Issue 77

Open Science Newsletter

OPEN SCIENCE

Open Science practices in Africa. An update from the LIBSENSE initiative, formed by African libraries and other research institutions in support of open science and research. Initiatives include the development of open access policies and of repositories and open access journals. There is an impressive amount of activity across the continent, as shown for example in the summary slide deck from a recent workshop.

Microsoft’s take on open data. Their Associate General Counsel for Open Innovation provides a commercial angle on the topic from the tech industry. How can consumer’s private data be analyzed without impacting privacy? One solution described to studying confidential data is a secure platform that executes code on data in the cloud without granting access to individual raw data. Another is the usual scheme of adding noise and access limits to raw datah. To what end such analyses are performed is of course another question.

Persistent identifiers and Open Access in the UK: The way forward. A survey by JISC to evaluate the UK research community’s awareness and use of persistent identifiers. Closes August 21. See also the presentations from a related webinar in June and a blog post by Alice Meadows in the Scholarly Kitchen.

How the COVID-19 crisis has prompted a revolution in scientific publishing. Dario Taraborelli of CZI on the importance of preprints. “[…] this shift requires us all to think beyond formal papers and manuscripts as the only units of scientific knowledge, and to be more critical consumers of research.”

Reagent Repositories Are Speeding up Science During the Pandemic. Posted on the Addgene blog, this post explores the role of various reagent repositories in facilitating access to shareable materials across labs.
  

PUBLISHING

Web of Science’s Nandita Quaderi on the suppression of journals in their citation reports for unusual levels of self-citations. The guest post in Retraction Watch addresses the reversal of suppressing two taxonomy journals, a publishing area where there is a natural high rate of self-referencing.

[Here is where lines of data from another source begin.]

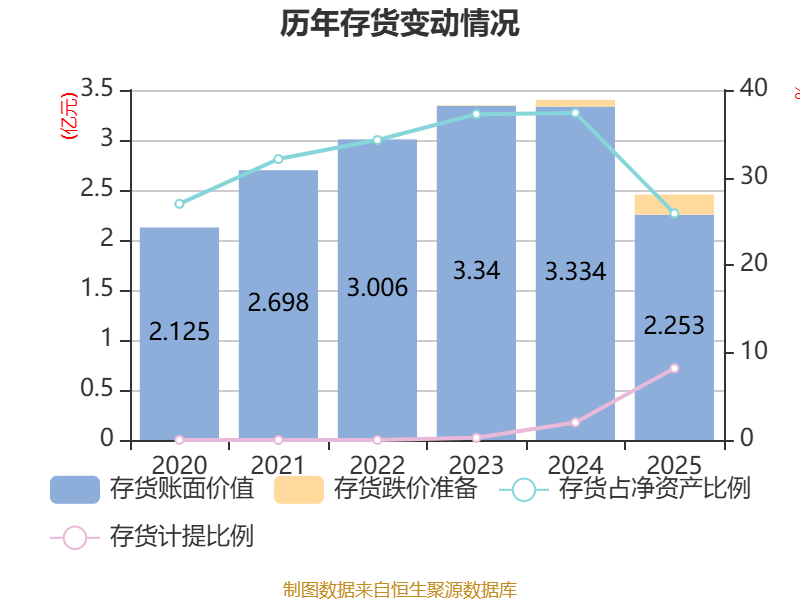 从存货变动来看,截至2025年末,公司存货账面价值为2.25亿元,占净资产的25.9%,较上年末减少1.08亿元。其中,存货跌价准备为2009.44万元,计提比例为8.19%。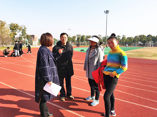 第二议程:上午第三课,综合组无课老师在学校南操场听取了本组顾晓杰老师的一堂体育课。顾老师具有丰富的教学经验,他结合了教学内容及体育学科的教学特点,通过新颖的教学设计,充分调动了学生的积极性,合理安排了教学内容,展示了其教学水平,取得了较好的教学效果。课后,组内成员进行了评课,并探讨了体育教学新思路与安全保障意识。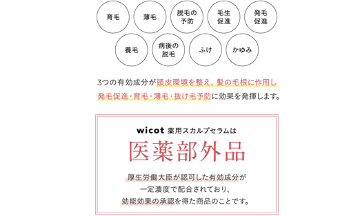 承知しました!wicot(ウィコット)は、日本初のオーガニック認証を受けた女性向けの薬用育毛剤です。 刺激に弱くデリケートな女性の頭皮のために、天然由来原料94%、オーガニック原料74%で作られています。発毛促進・育毛・脱毛予防の効果がありますし、かゆみやふけ、炎症などの頭皮トラブルにも効果があります。

Modelling Overlay Peer Review Processes with Linked Data Notifications. COAR, the Confederation of Open Access Repositories, is seeking feedback on a model that allows content to be pulled from repositories and preprint servers to journal sites. The aim here is an overlay-type of peer review that provides a feedback mechanism from the journal back to the originator, so that journal submissions can be coordinated. 

Plan S compliant transformative journals are now listed on the cOAlition S web site. The Company of Biologists is the first publisher to have journals confirmed on that list.

The Chinese Academy of Sciences Library has released a database with APC and other journal information. Called Go OA, it does not appear to be an exhaustive list of journals at this point, but does provide a number of publishing metrics. (in Mandarin)
  

RESEARCH

Research Practices in the wake of COVID-19: Busting open the myths around open data. Springer Nature have released findings from a survey of researchers and the impact of COVID-19 on their research. Not surprisingly, lab-intensive disciplines such as chemistry, biology, medicine or materials science are considerably impacted by shutdowns, whereas social sciences and humanities appear less so. The pandemic will also lead to a higher re-use of data by researchers, their own as well as that of others. Raw data is here.

The University of California, Berkeley is looking at an up to $340M budget shortfall in 2021.

protocols.io have interviewed Richard Harris for a podcast. Harris is the author of Rigor Mortis, a book about reproducibility in the life sciences.
  

EVENTS

The AIMOS2020 conference of the Association for Interdisciplinary Meta-Research and Open Science will be held online from December 3 – 4, 2020. 

The call for submissions to the 15th Munin Conference on Scholarly Publishing is now open until August 31.
  

OTHER

Rigetti Computing has received $79M funding as part of a Series C financing. This further boosts the work on cloud-based quantum computing platforms.